Pharma 1 – Pauling 0

Author’s note: Recently, a massive dose of ascorbic acid (Vitamin C) ended my 18-month post-mRNA illness, and I recalled a story Linus Pauling told me which, in light of recent Pharma scandals, deserves to see the light of day.
First Nobel
In 1952, as Crick and Watson worked on the structure of DNA at Cambridge, they heard that Cal Tech’s Linus Pauling was nearly as close to the Holy Grail as themselves. “The wolf’s howl,” they wrote, “grew closer every night”.
Pauling won his laurel two years later, for revolutionizing the study of chemistry and founding the field of molecular biology. In 1962, the Peace prize made him the the only person to win two unshared Nobels and, in 1980, he told me how he had missed a third.
As I remember it forty years later, this is what happened.
Chasing number three
Pauling was casting about for yet another Nobel when he received a package from Ewan Campbell, a Scottish MD and clinical director of the world’s largest inpatient cancer hospital. Campbell had given a thousand units of Vitamin C to five-hundred patients and a placebo to five-hundred and the placebo group survived only half as long as their vitamined counterparts.
Pauling published Campbell’s results and several well-received papers on the biochemical and physiological pathways of ascorbic acid. After Scientific American picked up the story, Vitamin C vanished from the shelves of every drugstore on earth. Today, it’s a $12 billion industry.1
Pauling also forwarded the trial results to the National Institutes of Health2 , asking them to perform a more rigorous, double-blind trial. The NIH’s form letter (‘mimeographed,’ he said) claimed that they were too busy, to which he tartly replied that he would personally investigate the work of any Medicine Nobelist they rejected.
Pauling next turned to Senator Ted Kennedy, then chair of the Senate Committee on Health, for help. A year later, reluctantly, the NIH announced a grant to the Mayo Clinic for a double-blind, randomized trial of Vitamin C. Pauling wrote the Mayo investigators, warning that patients whose immune systems had been destroyed by irradiation or chemicals should be excluded from the trial as the Scottish studies determined that ascorbic acid could not help them.
Five years later
Pauling opened his Sunday New York Times to a Page 77 headline: VITAMIN C STUDY REBUTS PAULING. No Prevention of Relief of Common Cold is Found.

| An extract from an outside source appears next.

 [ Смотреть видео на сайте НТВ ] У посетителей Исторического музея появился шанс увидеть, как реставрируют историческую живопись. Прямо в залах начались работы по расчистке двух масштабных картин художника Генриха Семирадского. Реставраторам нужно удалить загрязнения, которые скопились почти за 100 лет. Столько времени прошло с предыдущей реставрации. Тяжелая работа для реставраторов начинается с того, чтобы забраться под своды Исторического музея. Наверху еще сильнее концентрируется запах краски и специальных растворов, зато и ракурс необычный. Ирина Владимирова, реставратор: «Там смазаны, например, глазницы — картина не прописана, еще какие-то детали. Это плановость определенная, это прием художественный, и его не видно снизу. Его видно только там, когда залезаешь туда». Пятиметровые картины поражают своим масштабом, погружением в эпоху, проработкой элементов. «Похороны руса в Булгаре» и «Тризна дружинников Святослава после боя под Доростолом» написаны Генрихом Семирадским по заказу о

Weeks later, Kennedy sent him documents showing that Mayo’s entire trial cohort consisted of twelve convicted criminals with compromised immune systems.

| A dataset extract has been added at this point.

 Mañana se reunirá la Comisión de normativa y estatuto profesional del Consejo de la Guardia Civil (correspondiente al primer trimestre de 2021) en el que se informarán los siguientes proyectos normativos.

Whatever he may have felt at the time, Pauling’s only comment to me was that Big Science was one of the most politicized fields on earth. By then, he was busy with Kaiser Permanente Hospitals, working on predictive medicine.
The content below was originally paywalled.
He had developed advanced gas chromatographs that could break down newborns’ urine samples into thousands of chemical indicators and showed me how each chart’s peaks and valleys corresponded to (mostly mild) metabolic imbalances. New mothers, he said, would receive comprehensive information about their child’s likely potential deficits and allergies, along with suggestions how they might be rebalanced nutritionally. The investigation was abandoned immediately upon his death.
The moral of the story?
Preventive medicine, cheap natural cures were as taboo then as they are today. The US Government was as uncaring about our health and and Big Pharma was as ruthless forty years ago as they are today but, now we’re paying the price. Americans’ life expectancy has fallen below China’s.

Let that sink in.
When Wuhan discovered an imported strain of Covid-19 in December, 2019, the city’s hospitals ordered ten metric tons of liquid C.
The CDC says that, by December, 2019, four million Americans were Covid seropositive and that the world’s first Covid death occurred in Kansas, not China.